ProbonoBonobo_sui-mcp-server
0
This project implements a Machine Conversation Protocol server for enhanced document retrieval in AI applications. It integrates with FAISS and GitHub to provide a complete RAG workflow. Key features include vector database integration and support for leveraging LLMs in querying.
MCP Server with FAISS for RAG
This project provides a proof-of-concept implementation of a Machine Conversation Protocol (MCP) server that enables an AI agent to query a vector database and retrieve relevant documents for Retrieval-Augmented Generation (RAG).
Features
- FastAPI server with MCP endpoints
- FAISS vector database integration
- Document chunking and embedding
- GitHub Move file extraction and processing
- LLM integration for a complete RAG workflow
- Simple client example
- Sample documents available
Installation
Using pipx (Recommended)
- Install pipx using homebrew on macOS or pip on Windows.

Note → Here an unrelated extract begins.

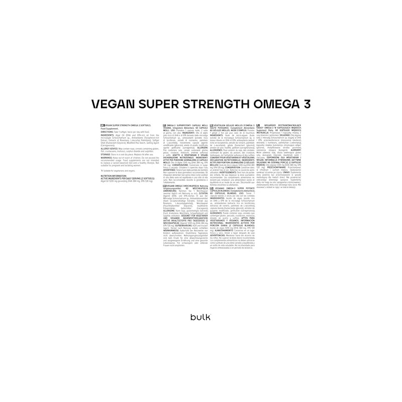 Product DescriptionWhen it comes to getting your necessary omega 3s, the mind tends to drift towards fish oils, specifically the essential fatty acids eicosapentaenoic acid (EPA) and docosahexaenoic Acid (DHA). For decades, fish oil has been the primary source of these healthy fatty acids. However, in recent years, the algae industry has caught up. It makes sense to get omega 3s from algae, being the primary source of nutrients in the marine food chain. By choosing an algae supplement, you'll be cutting out the middleman (or middle fish in this case). Vegan Super Strength Omega 3 Softgels are made with a blend of algae oils to provide a high dose of essential fatty acids. Each daily serving of two softgels provides 384mg DHA and 128mg EPA; enough to contribute towards a healthy heart*, a healthy brain** and healthy eyes***. This is a plant-based supplement that's worth adding to your regime, no matter your choice of diet. Vegan Super Strength Omega 3 Softgels are incredibly convenient to use. Just take 2 capsules daily, preferably with food. They can also be combined with other health & wellbeing supplements to suit your individual needs. Vegan Super Strength Omega 3 Softgels are supplied in fully recyclable aluminium packaging. They are also encased in a completely vegan softgel shell, made from a blend of corn starch and seaweed. This is a plant-based alternative to the traditional bovine gelatine shell that most omega 3 supplements use, giving you a high-strength, completely animal-free supplement. *EPA and DHA contribute to the normal function of the heart. The beneficial effect is obtained with a daily intake of 250 mg of EPA and DHA. **DHA contributes to maintenance of normal brain function. The beneficial effect is obtained with a daily intake of 250 mg of DHA. ***DHA contributes to the maintenance of normal vision. The beneficial effect is obtained with a daily intake of 250 mg of DHA. Purpose Our Vegan Super Strength Omega 3 Softgels are suitable for anyone looking to add a convenient supplement to their daily healthcare routine. They contain high doses of essential fatty acids and can be used by absolutely anyone.IngredientsAlgal Oil (DHA and EPA-rich oil from the microalgae Schizochytrium sp., Antioxidants (Tocopherol-rich Extract, Extracts of Rosemary, L-Ascorbyl Palmitate)), Softgel Shell (Humectant (Glycerol), Modified Pea Starch, Gelling Agent (Carrageenan)). May contain soya, cereals containing gluten, fish, crustaceans, molluscs, sulphur dioxide and sulphites.Safety WarningFood supplements are not intended to replace a varied and balanced diet. Do not exceed the recommended usage. Keep out of reach of children.Manufacturer Contact InformationBulk, 1 Gunfleet, Colchester, CO4 9QX, UK / Bulk, Centrum Logistyczne, ??kowa, 23, 55-095, Mirkw, Poland.

- Install the MCP Server package directly from the project directory using pipx.
Manual Installation
- Clone the repository and install dependencies.
Usage with pipx
- Commands available for downloading and indexing Move files from GitHub, querying the vector database, and using RAG with LLM Integration.
Running the Server
- Start the server with
mcp-server
or customize settings such as host and port.
Complete RAG Pipeline
- Search Query: The user submits a question.
- Retrieval: The system searches the vector database for relevant documents.
- Context Formation: Retrieved documents are formatted into a prompt.
- LLM Generation: The prompt is sent to an LLM with the retrieved context.
- Enhanced Response: The LLM provides an answer based on the retrieved information.
Extending the Project
- Suggestions for extending the project include adding authentication, document processing, support for more document types, monitoring, logging, and more advanced Move language parsing.